I read John Mauldin’s weekly essay, “Thoughts from the Frontline,” because it’s always interesting and sometimes brilliant.
“Fingers of Instability,” written in 2006, was brilliantly prescient and should be re-read today along with later essays based on the same concept.
https://www.mauldineconomics.com/frontlinethoughts/fingers-o…
https://www.mauldineconomics.com/frontlinethoughts/amp/the-f…
https://www.mauldineconomics.com/frontlinethoughts/another-f…
Today’s “Thought from the Frontline” was unusually valuable.
https://www.mauldineconomics.com/frontlinethoughts/gradually…
Mauldin discusses inflation in the context of the change in the way the Bureau of Labor Statistics calculates housing costs. The 1983 introduction of “Owner’s Equivalent Rent” instead of actual home prices or mortgage payments makes inflation before and after 1983 not directly comparable.
A group including Larry Summers has recalculated CPI so they are comparable.
https://www.nber.org/papers/w30116
Mauldin shows charts from this paper. Maudin also quotes Fed Chair Arthur Burns (who presided over high inflation) in September 1979. He had left the Fed 18 months earlier.
**“American policymakers tend to see merit in a gradualist approach because it promises a return to general price stability—perhaps with a delay of five or more years but without requiring significant sacrifices on the part of workers or their employers. But the very caution that leads politically to a policy of gradualism may well lead also to its premature suspension or abandonment in actual practice.**
**“Economic life is subject to all sorts of surprises and disturbances — business recessions, labor unrest, foreign troubles, monopolistic shocks, elections, and governmental upsets. One or another such development, especially a business recession, could readily overwhelm and topple a gradualist timetable for curbing inflation. That has happened in the past and it may happen again.”**
[end quote]
Maudin shows how Paul Volcker raised the fed funds rate extremely rapidly.
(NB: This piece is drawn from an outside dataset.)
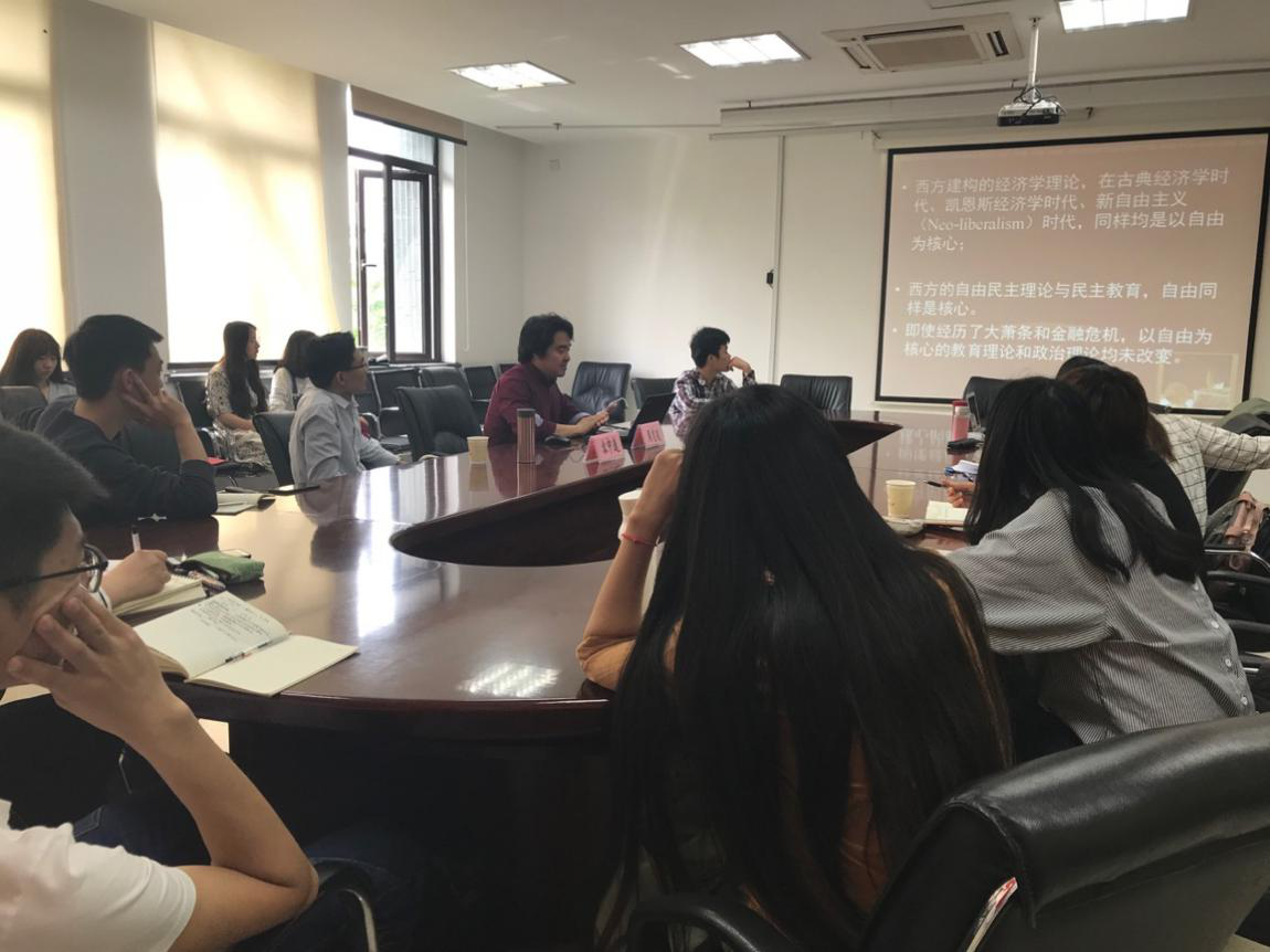 此次活动先由浙江师范大学非洲研究院周志发副研究员和学院师生作了题为“集马列、儒家、西为体的容错教育学”学术报告。他以如何建构具有中国特色、普遍性的教育学这一问题为切入点,从知识论和西方文化的视角分析了西方教育学的特点,结合马列毛泽东思想、中国传统儒学、西方自由主义等研究分析,提出要挑战西方自由主义的话语体系,构建基于“试错理念”之上的有中国特色的容错教育学体系。周老师讲座幽默风趣,发人深省。

The Volcker Fed had multiple hikes of 100 bps or more, causing the 1980 recession. Then they took fed funds 1,000 points higher in the second half of 1980. This make Jerome Powell’s 75 bps increase look puny and gradual by comparison.
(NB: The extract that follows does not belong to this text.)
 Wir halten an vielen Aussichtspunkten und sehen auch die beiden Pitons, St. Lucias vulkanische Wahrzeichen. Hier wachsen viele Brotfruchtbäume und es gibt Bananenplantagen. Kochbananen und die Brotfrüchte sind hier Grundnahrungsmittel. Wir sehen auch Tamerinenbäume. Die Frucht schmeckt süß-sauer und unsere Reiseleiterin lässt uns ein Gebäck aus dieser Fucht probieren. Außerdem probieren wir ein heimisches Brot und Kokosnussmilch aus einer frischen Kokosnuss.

Yesterday, I posted a Fed model showing a gradual increase of fed funds rate going into 2023, with a reduction of inflation and a very mild recession. The Fed appears to believe that it can pull this off.
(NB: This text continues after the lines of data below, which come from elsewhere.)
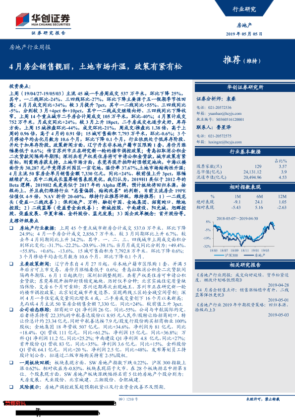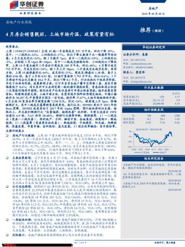 【华创证券】【20190505】4月房企销售靓丽,土地市场升温,政策有紧有松-22页
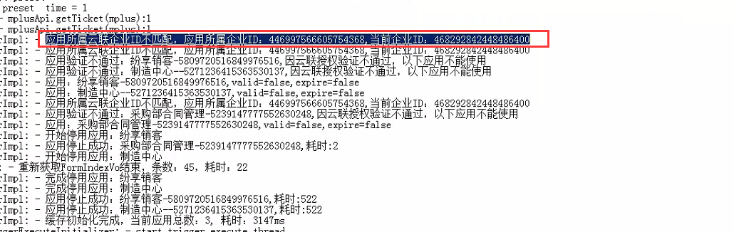 此类问题具体原因比较多,其中云联企业ID不一致的占20%,更新云联证书后企业名称不一致的占10% ,此类问题需要项目经理联系协同云运维人员进行排查处理。
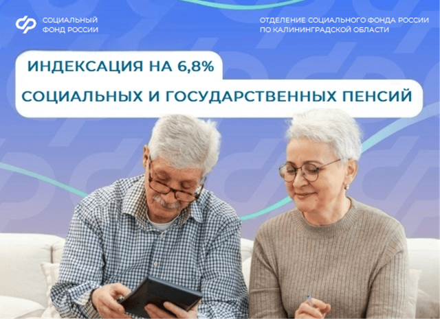 С 1 апреля социальные и государственные пенсии в Калининградской области проиндексировали на 6,8 %. Повышение коснулось более 21 тысячи жителей региона. После индексации средний размер социальной пенсии составил около 15 700 рублей. Пенсия детей-инвалидов выросла до 22 617 рублей. Социальная пенсия инвалидов с детства I группы увеличилась на 1200 рублей и теперь равна 18 848 рублей.

Is the Fed right? Or are they fooling themselves with the same optimism that led them to believe that inflation was “transitory”?
As consumers and investors, we have a deep interest in this critical time of trend change. METARs who work may lose their jobs in a recession (along with many others). All of us will face higher prices if inflation remains high. (Which I think it will.) All of us will face loss of asset values as the Fed raises the fed funds and longer-duration rates.
Fed Chairman Jerome Powell caved in 2018 when the Fed raised rates and the markets had a hissy fit. Will he cave in 2022-2023 when the asset markets tank and the expected recession turns out to be unexpectedly deep?
If he caves, we will have stagflation. If he doesn’t cave, we may get a deep recession.